Input: root = [5,3,6,2,4,null,8,1,null,null,null,7,9]
Output: [1,null,2,null,3,null,4,null,5,null,6,null,7,null,8,null,9]

Example 2:

Input: root = [5,1,7]
Output: [1,null,5,null,7]

 

Constraints:

  • The number of nodes in the given tree will be in the range [1, 100].
  • 0 <= Node.val <= 1000

Solution Explanation: Increasing Order Search Tree

This problem requires transforming a given binary search tree (BST) into a right-skewed singly linked list where each node only has a right child, representing the in-order traversal of the original BST.

Approach:

The most efficient way to solve this problem is through Depth-First Search (DFS) using an in-order traversal. In-order traversal inherently visits nodes in ascending order in a BST. We modify the tree structure during the traversal itself.

We use a dummy node as a starting point for the new linked list. A prev pointer tracks the last node added to the list. The algorithm follows these steps:

  1. Initialization: Create a dummy node with val = 0. Its right child will become the head of our new list. Initialize prev to point to dummy.

  2. DFS In-order Traversal: Recursively traverse the BST using in-order traversal:

    • Left Subtree: Recursively process the left subtree.
    • Current Node: After processing the left subtree, the prev pointer points to the last node added to the linked list. We attach the current node to the right of prev. Then, we set the current node's left child to null to create the singly-linked structure. Finally, update prev to point to the current node.
    • Right Subtree: Recursively process the right subtree.

  3. Return: After the traversal, the dummy.right node points to the head of the newly created linked list (the transformed BST).

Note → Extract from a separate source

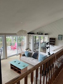 Please note we allow up to 6 adults and 2 children. We feel the space is not large enough for 8 adults. No pets allowed. There is one exterior security camera on premise that overlooks the staircase down to the lawn.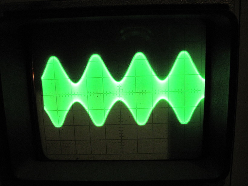 Поскольку прибор Райфа воспроизвести нет возможности, я решил использовать в качестве излучателя катушки Мишина, модулируя частоту на которой работают эти катушки (примерно 300 кГц) частотами из таблиц Райфа. Большинство частот Райфа лежит в звуковом диапазоне и доступны для воспроизведения MP3 плеерами, мобильными телефонами, смартфонами, планшетами, ноутбуками, компьютерами. На осциллограмме ниже - пример такой модуляции.

Time and Space Complexity:

  • Time Complexity: O(N), where N is the number of nodes in the BST. We visit each node exactly once during the in-order traversal.
  • Space Complexity: O(H) in the average case, and O(N) in the worst case. H is the height of the tree, representing the space used by the recursive call stack during DFS. In a balanced BST, H is log(N), while in a skewed tree, H is N.

Code Implementation (Python):

# Definition for a binary tree node.
# class TreeNode:
#     def __init__(self, val=0, left=None, right=None):
#         self.val = val
#         self.left = left
#         self.right = right
 
class Solution:
    def increasingBST(self, root: TreeNode) -> TreeNode:
        dummy = TreeNode(0)  # Dummy node
        prev = dummy  # Pointer to the last node added
 
        def inorder(node):
            nonlocal prev  # Access and modify prev in the inner function
            if node:
                inorder(node.left)
                prev.right = node
                node.left = None  # Crucial step: remove left child
                prev = node
                inorder(node.right)
 
        inorder(root)
        return dummy.right

The other languages (Java, C++, Go, TypeScript) follow the same algorithm; only the syntax differs. The core logic remains consistent across all implementations. The key to understanding this solution is grasping how the prev pointer cleverly maintains the structure of the singly-linked list during the in-order traversal, ensuring that the nodes are connected in increasing order.